Swelling (edema) causes the sac that holds the cells in place to expand and compress tiny nearby arteries and veins. This compression of veins prevents the pathogens from using them to circulate to other parts of the body. The heat destroys many pathogens, that cannot survive when the temperature around them increases to just two degrees over normal body temperature.
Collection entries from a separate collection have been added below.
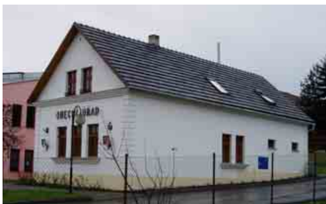
Budova obecního úřadu

Budova obecního úřadu je nepodsklepený, původně jednopodlažní dům s půdou pod sedlovou střechou, postavený někdy kolem poloviny 19. století. Při nedávné rekonstrukci byl přestavěn na dvoupodlažní, ve kterém je nad přízemním prostorem Obecního úřadu z původní půdy přistavěn v prvním patře byt 3 + 1.
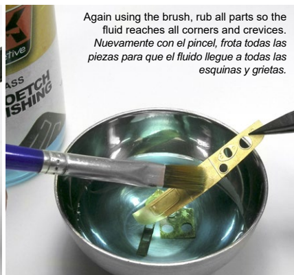
Again using the brush, rub all parts so the fluid reaches all corners and crevices. Nuevamente con el pincel, frota todas las piezas para que el fluido llegue a todas las esquinas y grietas.
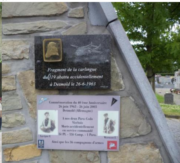
La montée vers le cimetière et la plaque commémorative au cimetière.
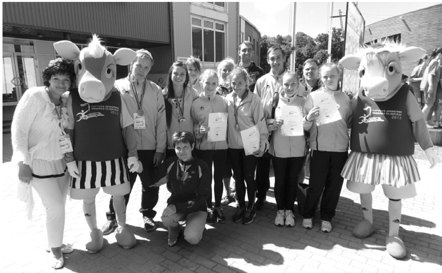
Novada komanda Ventspilī
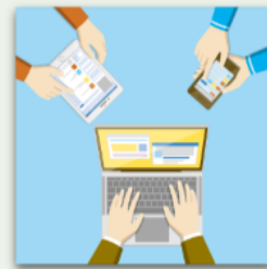
デバイス操作に関する支援
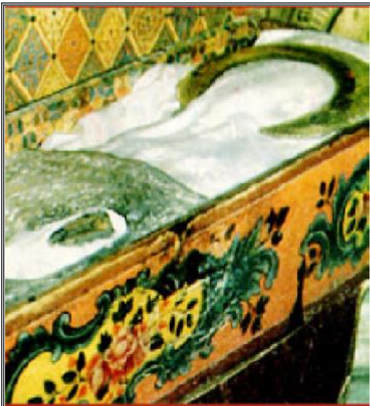
Раклата с мощите на Св. Иоан Рилски в Рилския манастир

След това, като тръгнаха оттам и изминаха около половин поприще от това място, ги срещна цялото братство на светата обител с икони и честен кръст на мястото, наречено Върбица, малко по-долу от съединението на двете реки Рила и Илиина, и там образуваха хор заедно и пяха божествени песни, целуваха светинята и един друг, и оттам всички заедно пристигнаха в манастира. И като внесоха ковчега на преподобния в църквата с много почести и псалмопение, поставиха го на приготвеното място на 30 юни 1469 г., където и досега лежи и е непресъхващ извор на изцеления за пристъпващите с топла вяра.
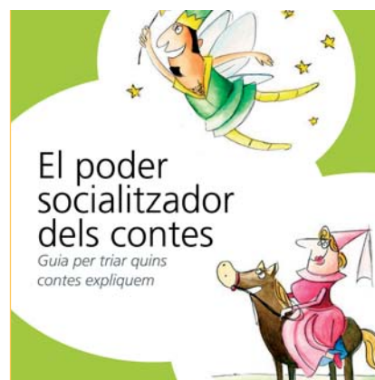
Imatge de la guia utilitzada durant el curs

on reflexionar i analitzar la influència dels contes en l'aprenentatge de rols de gènere, la resolució de conflictes i el procés de socialització a la infància, com una important eina de prevenció de la violència masclista. Per exemple, es va poder comprovar com en la majoria de contes els personatges femenins cuinen, netegen i ploren, mentre els masculins són forts, poderosos i lluiten, viatgen i treballen. La guia forma part del paquet educatiu que s'ofereix a les escoles.
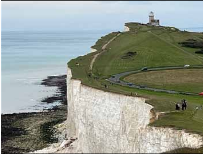
Vandringsleden uppe på klippkusten Seven Sisters är mycket populär. Längre bort syns Belle Touts Fyr torn från 1834 som var Beachy Heads föregångare.
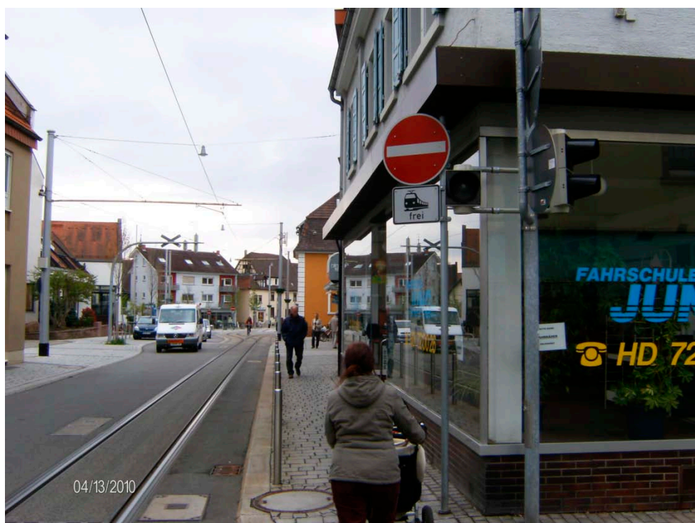
Figur C4 Forbudstavle mod kørsel med en undertavle, der undtager letbanetog. Fra Kirchheim.
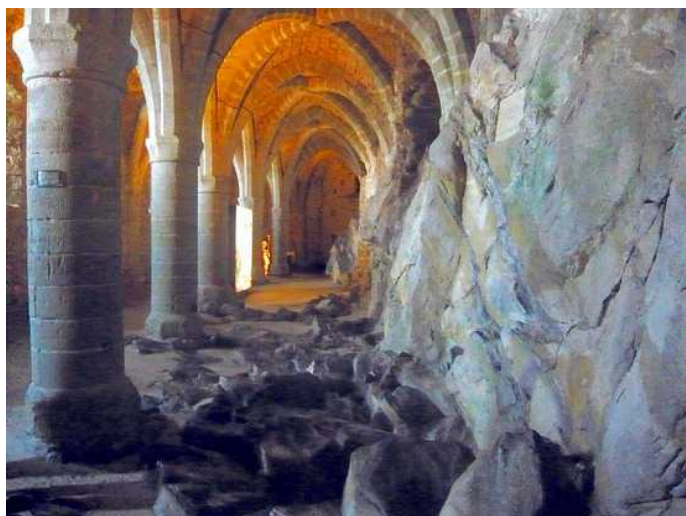
Тюремная галерея Шильонского замка
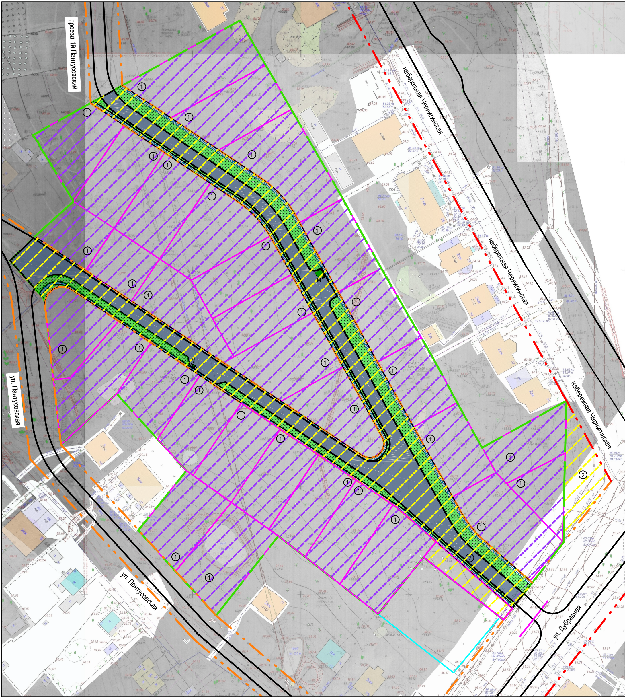
Границы функциональных зон в соответствии с Генпланом г. Костромы
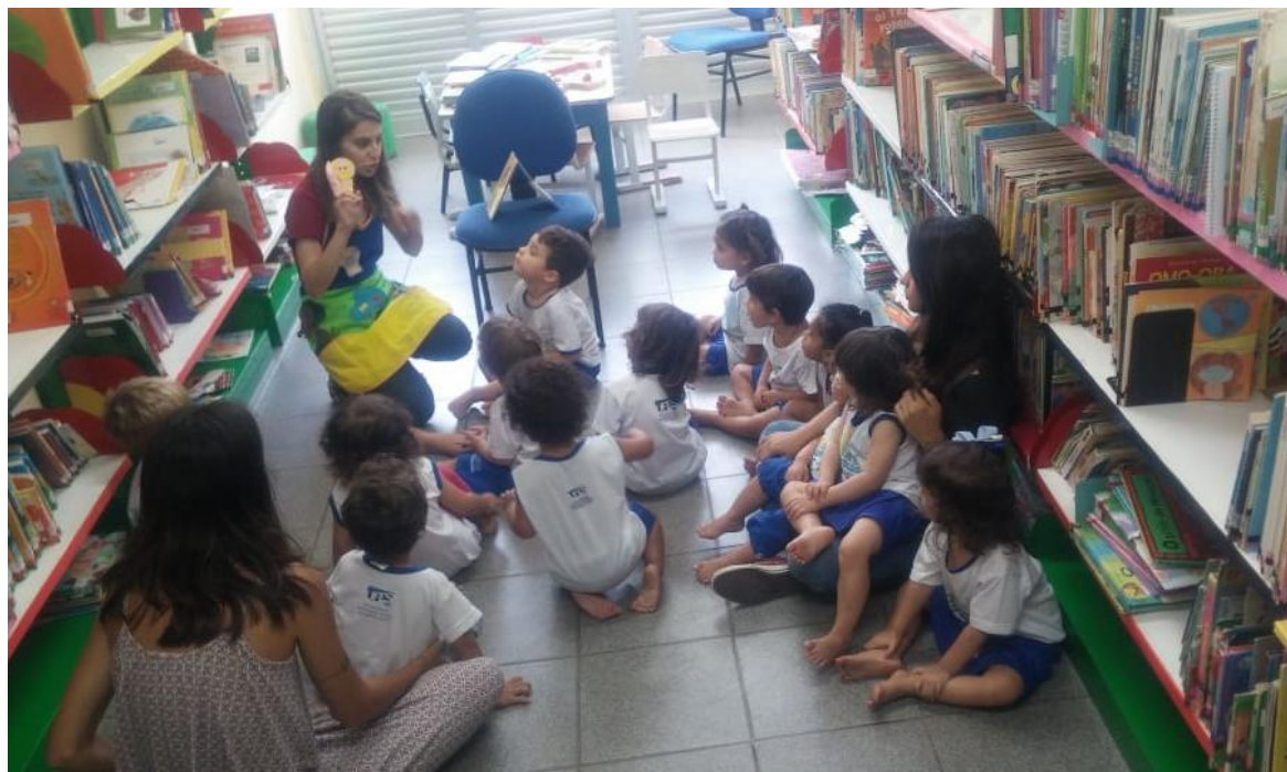
Conhecendo a biblioteca do Cei Criarte

Compressing the tiny arteries prevents all of the WBCs from only reaching the original site where the cell debris or pathogen was discovered. This, too, is critical; it is likely that other pathogens are in nearby cell sacs, and when these WBCs are prevented from reaching their destination because the tiny artery they are in is compressed, they invade other nearby MVS'

They release their chemicals to create gaps in the capillary walls and other WBCs follow behind, enter the cell sacs, and release their chemicals there. This results in the destruction of countless healthy cells in uninfested areas, but our bodies are not programmed the way our justice system is, where 'it is better to let ten guilty men go free rather than wrongly convict one innocent man'; it is better to destroy hundreds of thousands of healthy cells than to allow one pathogen to survive.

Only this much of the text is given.